Log search alerts run a KQL query against a Log Analytics workspace on a schedule. The alert fires when the query returns results, or when the count of results crosses a threshold. Because queries are arbitrary KQL, log alerts can express complex conditions — for example, alerting when the same source IP generates more than 100 failed authentication events in a 10-minute window.

Activity log alerts fire when a specific Azure operation occurs — a VM is deleted, an NSG rule is modified, a resource group is created. These are the mechanism for detecting configuration changes or operational events at the subscription level.

Smart detection (part of Application Insights) uses machine learning to automatically detect anomalies in request failure rates, response times, and resource utilisation — with no threshold configuration required.

Action Groups

An action group defines what happens when an alert fires. Action groups are Azure resources defined independently of alert rules, so the same group can be referenced by multiple rules — avoiding duplication of notification configuration.

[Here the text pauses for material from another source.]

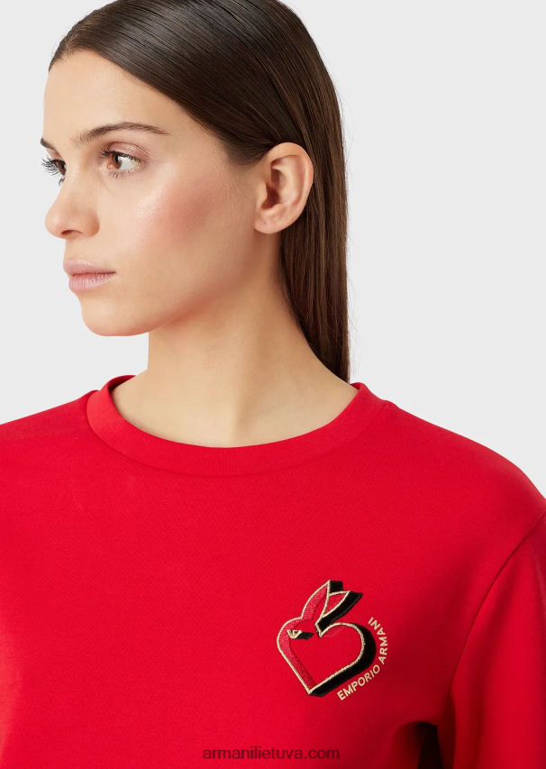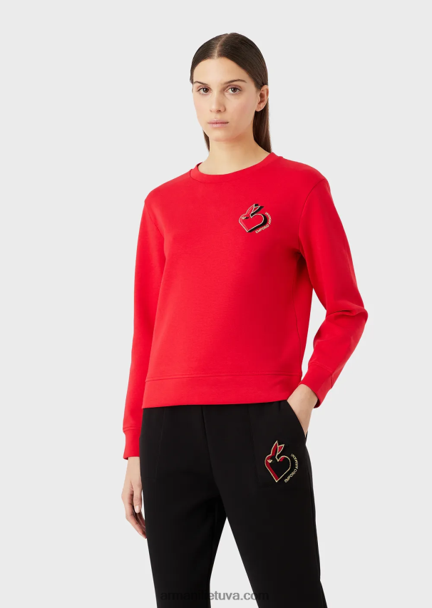 moterys raudona Armani dvigubi megztiniai su siuvinėjimais 02482X412

An action group can contain any combination of:

Action Type	Description
Email / SMS / Push / Voice	Direct notifications to individuals
Webhook	HTTP POST to any endpoint (custom automation, ticketing systems)
Azure Function	Trigger a serverless function for custom logic
Logic App	Trigger a workflow for complex multi-step automation
Automation Runbook	Run a PowerShell or Python runbook in Azure Automation
ITSM connector	Create incidents in ServiceNow or other ITSM tools
Event Hub	Stream alert data to a downstream processor

A single alert rule can reference up to five action groups. A subscription can contain up to 1,000 action groups.

Azure Monitor Workbooks

Workbooks are interactive, parameterised reports that combine KQL queries, metric charts, text documentation, and user input controls into a single shareable document. They are the appropriate tool for recurring operational reports, capacity planning dashboards, compliance documentation, and troubleshooting playbooks.

Microsoft provides a library of workbook templates covering common scenarios — VM performance analysis, failure investigation, network traffic analysis, security posture review. Teams can create custom workbooks and share them within an organisation. Parameters allow workbooks to be scoped dynamically: a time range picker, a subscription selector, or a resource group filter can change the data displayed across all queries in the workbook simultaneously.

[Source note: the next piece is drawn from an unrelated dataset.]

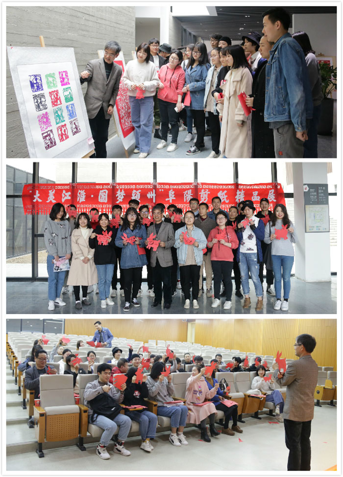 为传承民间剪纸艺术,弘扬中华优秀传统文化,由院学生处组织、美术设计系承办的“大美江淮,圆梦颍州”阜阳剪纸体验日活动于4月4日在美术楼报告厅举行。体验日当天,上百幅精美剪纸作品在美术楼一楼展览。本次活动还特邀被誉为“中国十大神剪”的阜阳民间艺术家葛庭友现场教学。

Workbooks are also the rendering engine behind Azure Monitor Insights — the curated monitoring experiences for VMs (VM Insights), containers (Container Insights), and networks (Network Insights) are all built on workbooks.

Monitor Insights

Azure Monitor provides several pre-built monitoring solutions called Insights, each tailored to a specific resource type:

VM Insights provides performance views (CPU, memory, disk, network over time) and a service map showing connections between VMs and processes. It requires the Azure Monitor Agent and the Dependency Agent installed on each VM.

Container Insights monitors Azure Kubernetes Service clusters, collecting container logs (stdout/stderr), performance metrics per node and pod, and Kubernetes events. Data flows into the ContainerLog, KubePodInventory, and InsightsMetrics tables.

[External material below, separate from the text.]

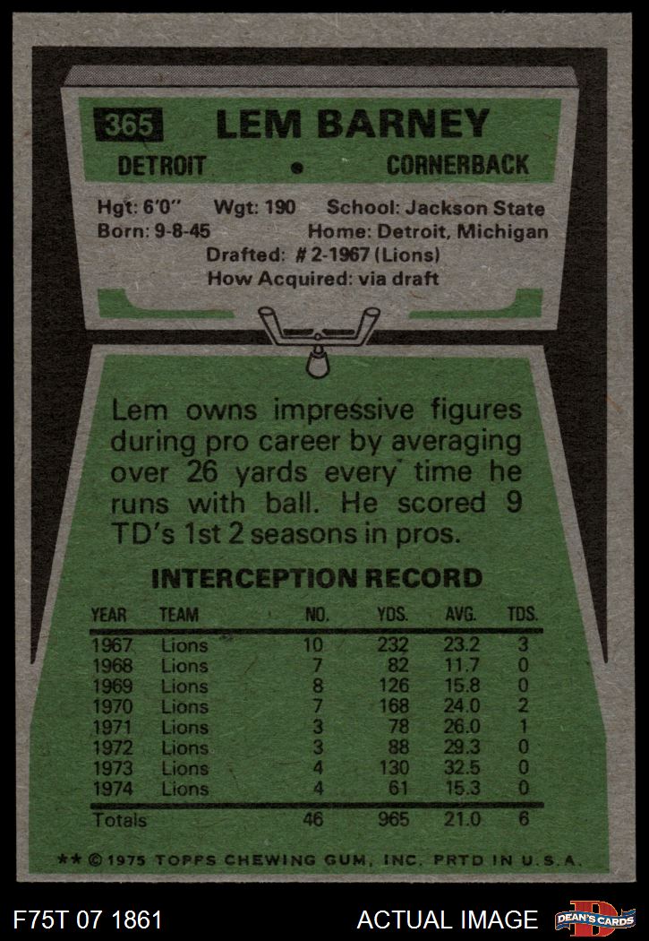 1975 Topps #365 Lem Barney

Network Insights provides a unified view of all Azure networking resources — integrating Network Watcher diagnostics, NSG flow logs, and Traffic Analytics into a single experience within the Azure Monitor portal.

Summary

Azure Monitor provides the observability foundation for Azure environments by unifying metric collection and log aggregation into a single platform. The separation between the Metrics store (fast, 93-day retention, near-real-time) and Log Analytics workspaces (flexible, KQL-queryable, configurable retention) is the key architectural distinction to understand. Diagnostic settings bridge the gap between Azure resources and the workspace. Alerts and action groups translate raw telemetry into operational responses, while workbooks turn repeated investigations into documented, repeatable processes. Together, these components give administrators and engineers the visibility required to operate Azure infrastructure confidently at scale.